[英]Python pandas: labeling categorical values based on legend dataframe
I have a big dataset (2m rows, 70 variables), which has many categorical variables.我有一个大数据集(2m 行,70 个变量),其中包含许多分类变量。 All categorical variables are coded in numbers (eg see df1)
所有分类变量都用数字编码(例如参见 df1)
df1:
obs gender job
1 1 1
2 1 2
3 2 2
4 1 1
I have a another data frame with all explanations, looking like this:我有一个包含所有解释的另一个数据框,如下所示:
df2:
Var: Value: Label:
gender 1 male
gender 2 female
job 1 blue collar
job 2 white collar
Is there a fast way to replace all values of the categorical columns with their label from df2?有没有一种快速的方法可以用 df2 中的标签替换分类列的所有值? This would save me the work to always look up the meaning of the value in df2.

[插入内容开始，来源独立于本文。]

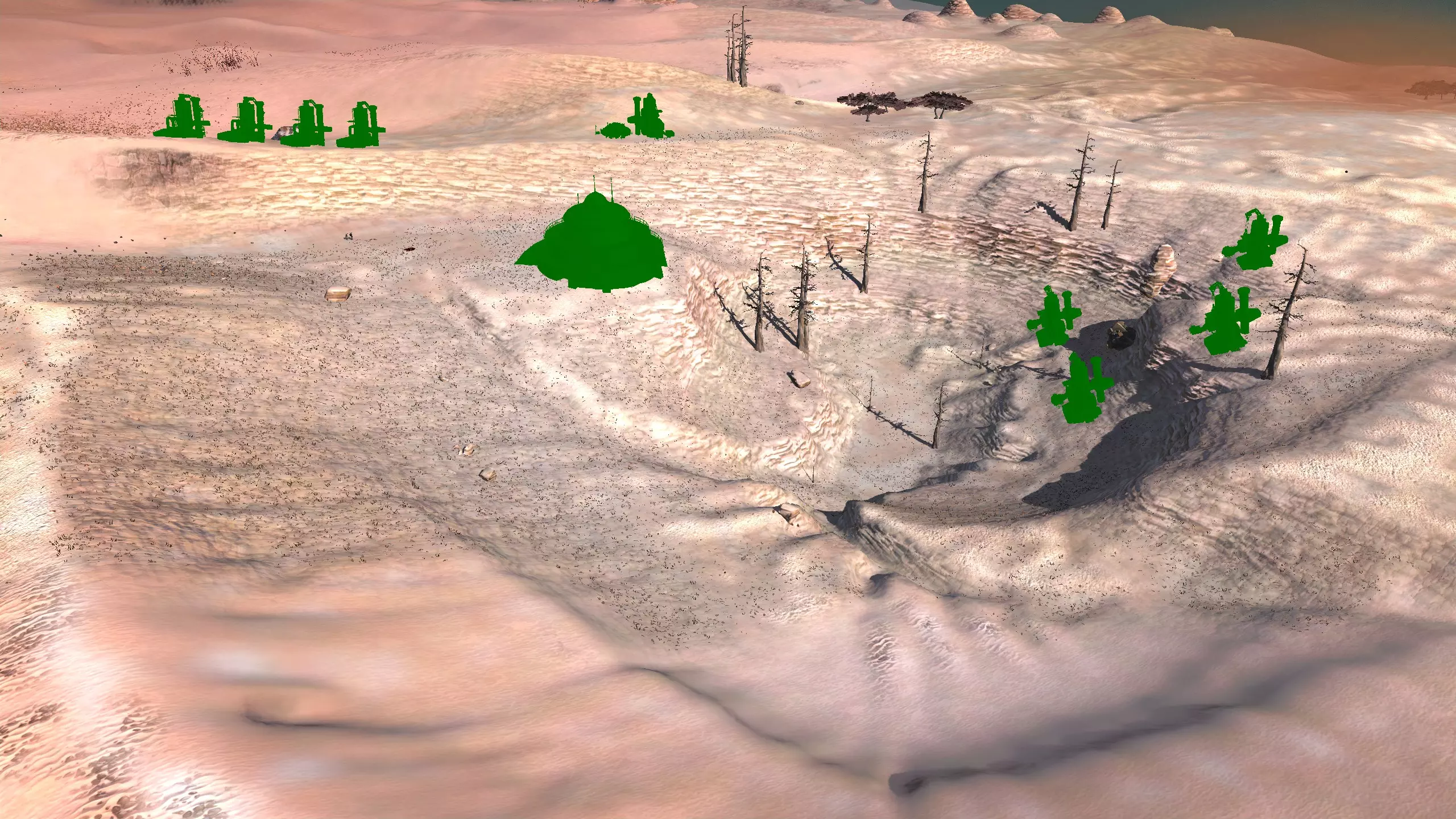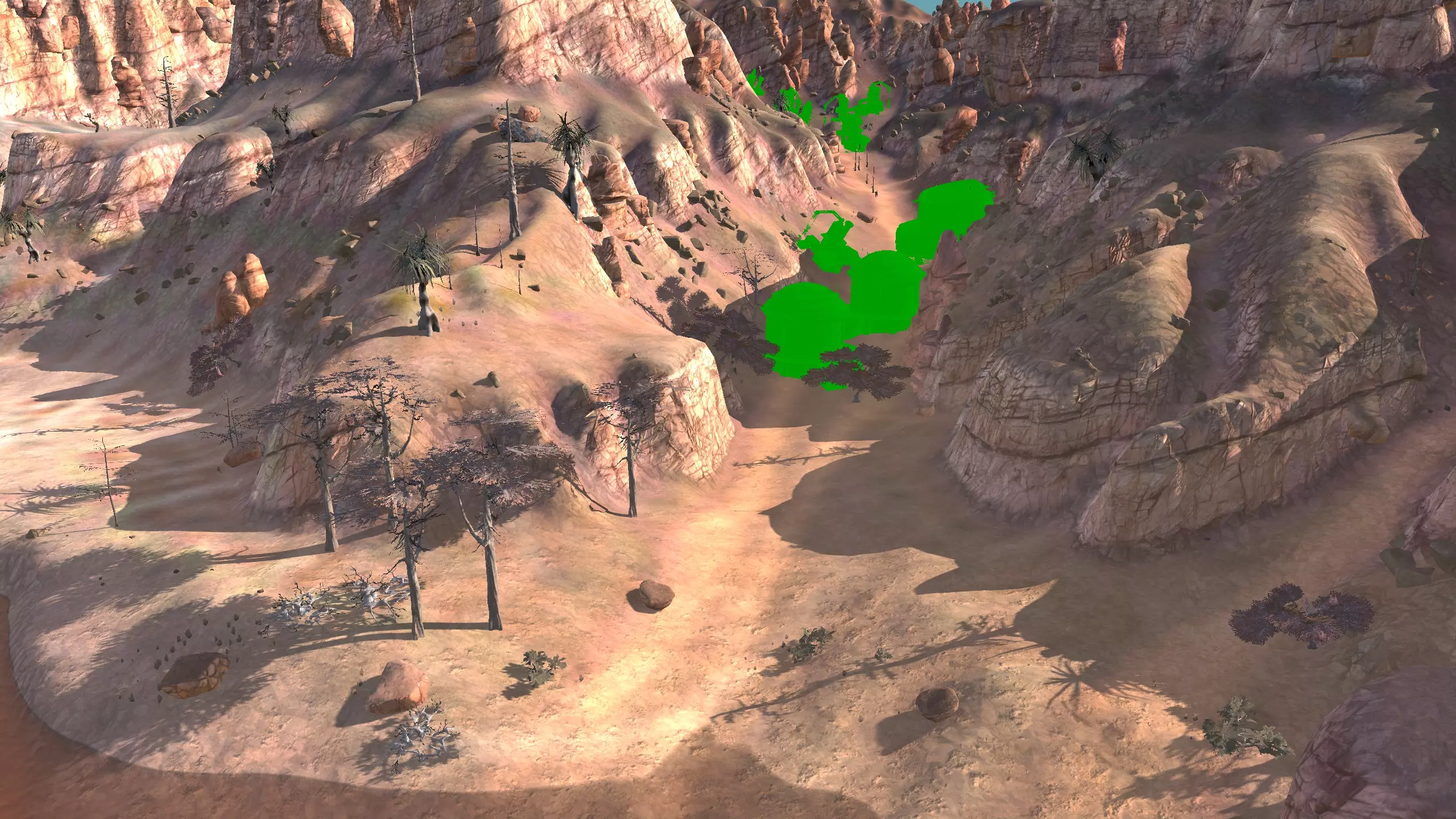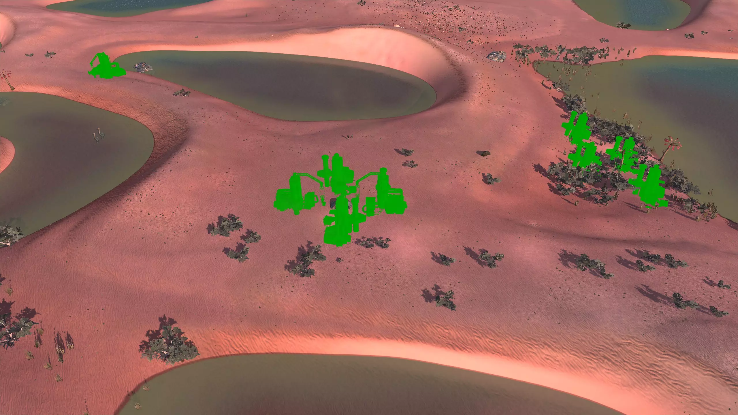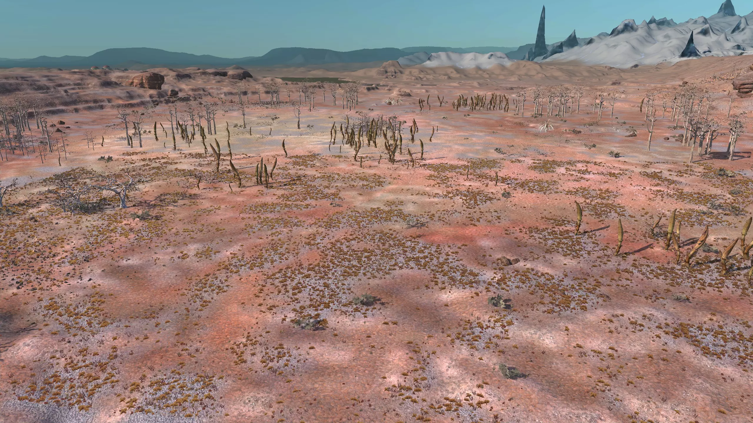 描述:这里可能是古特地区最无聊的定居点,但也是最轻松且最高效的地方。它实在太无聊了,我得翻看之前拍的截图才能想起它长什么样。上面的截图并没有展示出你所有可建造的区域,镜头左右两侧还有很大空间,所以如果你想在古特建造一座宏伟的城市,这里就是你的不二之选。 这个地点看起来似乎就在区域的边缘,但我周围仍能看到不少排水沟。如果你真的想让敌人穿过尽可能多的排水沟才能到达你的基地,不妨考虑选择古特2号地点。如果你不想让一棵巨大的铁树位于基地中央,可以将它向左或向右偏移,使其位于城市的某一侧,但这或许能成为一个不错的角色扮演元素。也许你的派系视铁为“神圣之物”,因此这些树便是神圣的象征。好了,关于这个区域我就说这么多。 资源:100% 铁矿,约50% 铜矿,100% 石料,80% 水源,约90% 肥力 危险:我不想剧透。 2-G) 大沙漠 大沙漠 注意:在探索大沙漠时,我发现了比预期多得多的潜在基地选址。整个区域资源丰富,而且面积非常广阔。我在此只指出最佳或最值得注意的地点。如果你觉得我下面列出的地点都不合你口味,可以自己去探索这个区域,但要记住,外面有很多无聊的沙丘。你可能会发现,就连我的列表里也有不少无聊的沙丘。 1)

这将节省我始终在 df2 中查找值的含义的工作。 I found some solutions to replace values by hand, but I look for an automatic way doing this.
我找到了一些手动替换值的解决方案,但我正在寻找一种自动的方法来做到这一点。
Thank you谢谢
You could use a dictionary generated from df2 .您可以使用从df2生成的字典。 Like this:
像这样:
Firstly, generating some dummy data:首先,生成一些虚拟数据:
import pandas as pd
import numpy as np
df1 = pd.DataFrame()
df1['obs'] = range(1,1001)
df1['gender'] = np.random.choice([1,2],1000)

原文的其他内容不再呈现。